• _EXERCISE INSTRUCTIONS_: Exact copy, pictures excluded: please retype every record below.

Segment Open

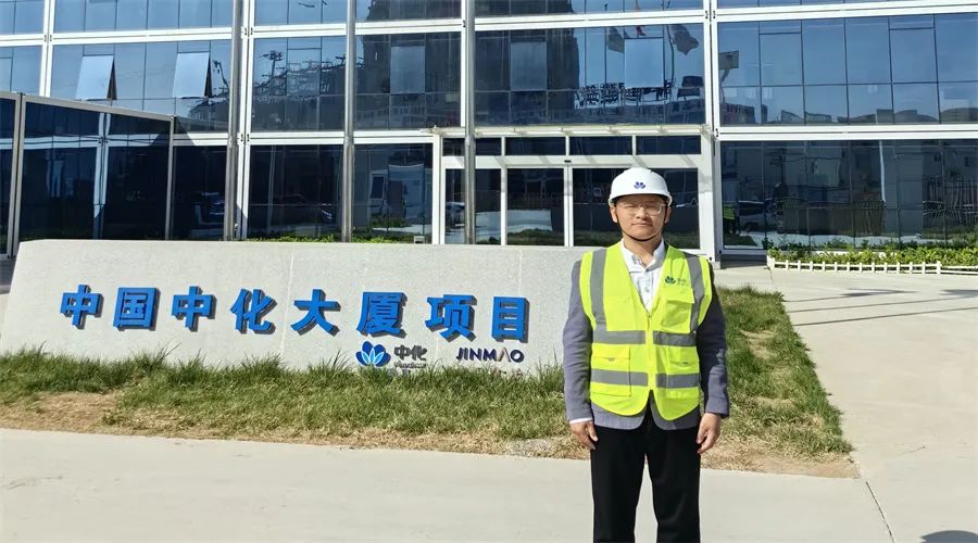 張吉爍在中化大廈項目部前留影。
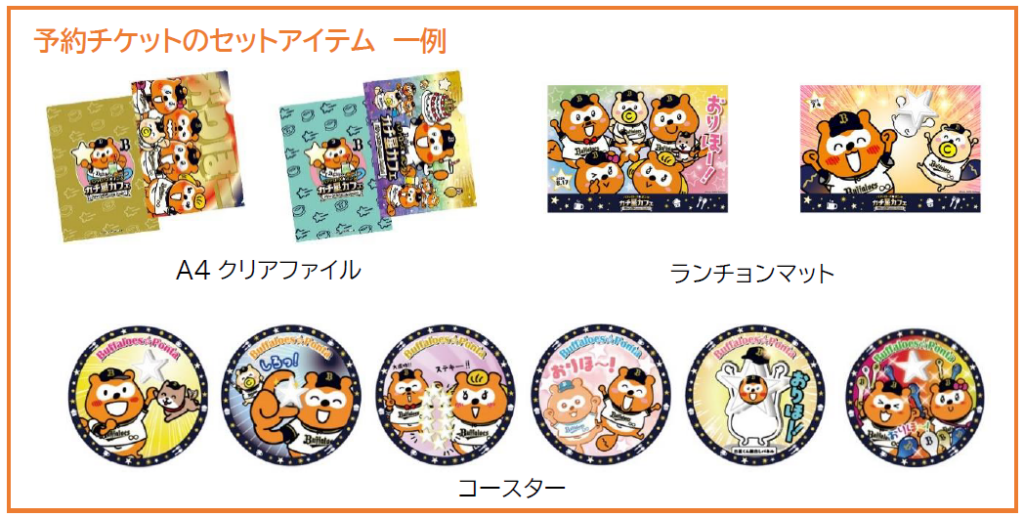 予約チケットには、A4クリアファイル(全2種)、コースター(全10種)、ランチョンマット(全6種)がランダムで1つずつ付きます。
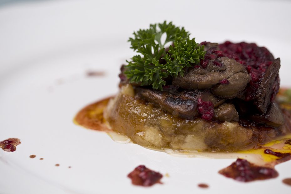 Într-o tigaie, se caramelizează merele (tăiate cubulețe) și zahărul brun. Separat, în altă tigaie, se prăjește ficatul de gâscă timp de 10 minute, până se elimină toată grăsimea. Se schimbă tigaia și se adaugă puțin unt și zmeura și se flambează cu coniac. Se așază merele caramelizate într-o farfurie și deasupra se adaugă ficat și sosul de zmeură.
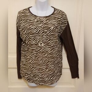 🛍️ BUNDLE ONLY 🛍️MICHAEL Michael Kors Cream and Brown Graphic Blouse
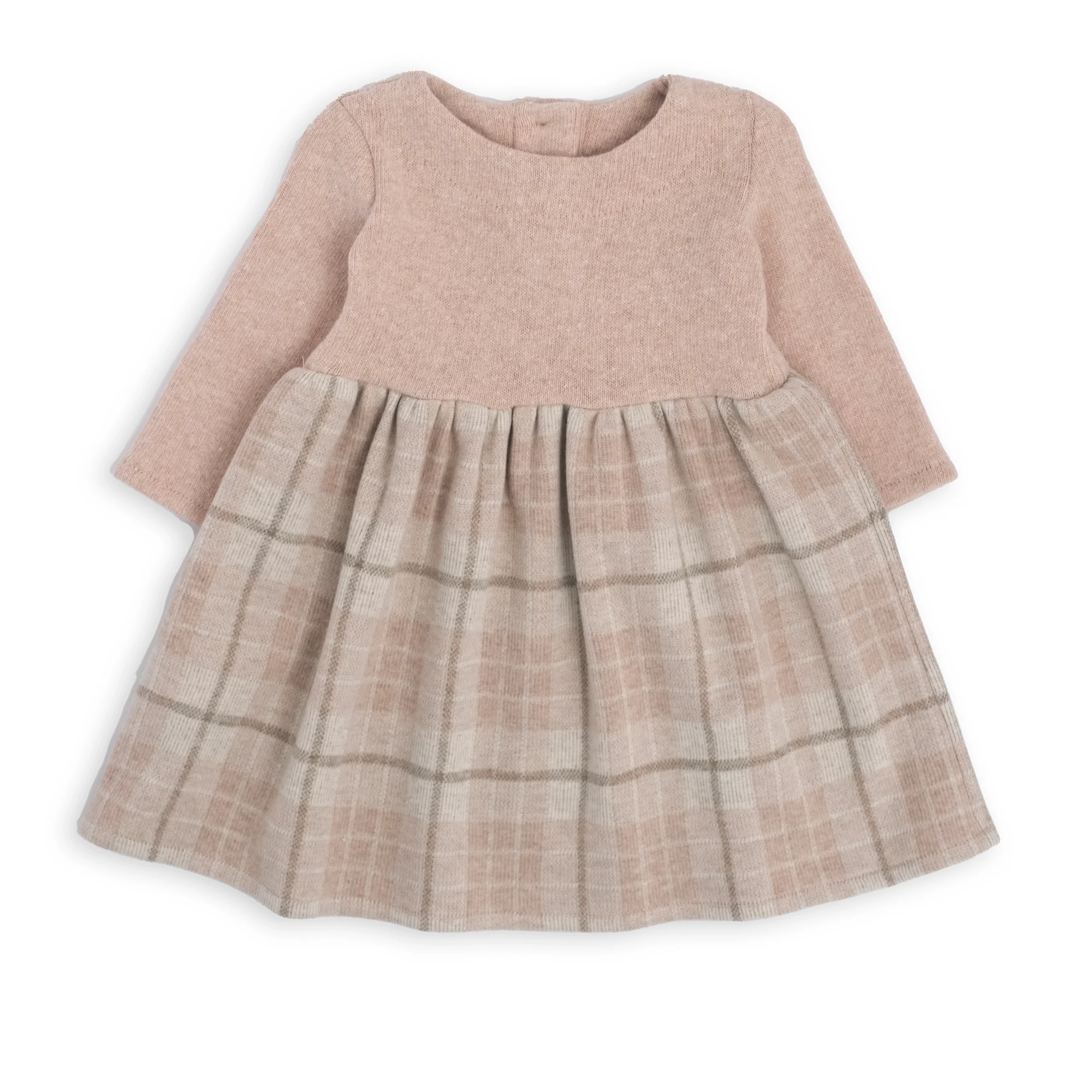 Abito in caldo cotone, Girocollo, Gonna fantasia scozzese, Chiusura sul retro con bottoncino in madreperla
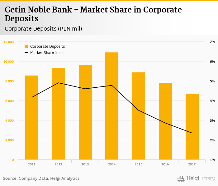 Getin Noble Bank's corporate deposits reached PLN 6,690 mil in 2017, down 14.8% compared to the previous year.
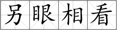 另眼相看 [lìng yǎn xiāng kàn]用另一种眼光看待。指看待某个人不同一般。也指不被重视的人得到重视。
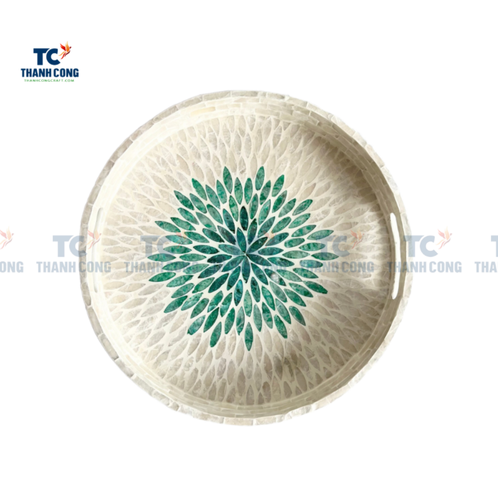 - Round Mother of Pearl trays have a timeless and elegant design. The iridescent beauty of the Mother of Pearl material adds a touch of luxury and sophistication to any setting. The round shape provides a soft and pleasing aesthetic that can complement various decor styles.

Segment Closed

• _ANSWER SPACE_:
 張吉爍在中化大廈項目部前留影。
 予約チケットには、A4クリアファイル(全2種)、コースター(全10種)、ランチョンマット(全6種)がランダムで1つずつ付きます。
 Într-o tigaie, se caramelizează merele (tăiate cubulețe) și zahărul brun. Separat, în altă tigaie, se prăjește ficatul de gâscă timp de 10 minute, până se elimină toată grăsimea. Se schimbă tigaia și se adaugă puțin unt și zmeura și se flambează cu coniac. Se așază merele caramelizate într-o farfurie și deasupra se adaugă ficat și sosul de zmeură.
 🛍️ BUNDLE ONLY 🛍️MICHAEL Michael Kors Cream and Brown Graphic Blouse
 Abito in caldo cotone, Girocollo, Gonna fantasia scozzese, Chiusura sul retro con bottoncino in madreperla
 Getin Noble Bank's corporate deposits reached PLN 6,690 mil in 2017, down 14.8% compared to the previous year.
 另眼相看 [lìng yǎn xiāng kàn]用另一种眼光看待。指看待某个人不同一般。也指不被重视的人得到重视。
 - Round Mother of Pearl trays have a timeless and elegant design. The iridescent beauty of the Mother of Pearl material adds a touch of luxury and sophistication to any setting. The round shape provides a soft and pleasing aesthetic that can complement various decor styles.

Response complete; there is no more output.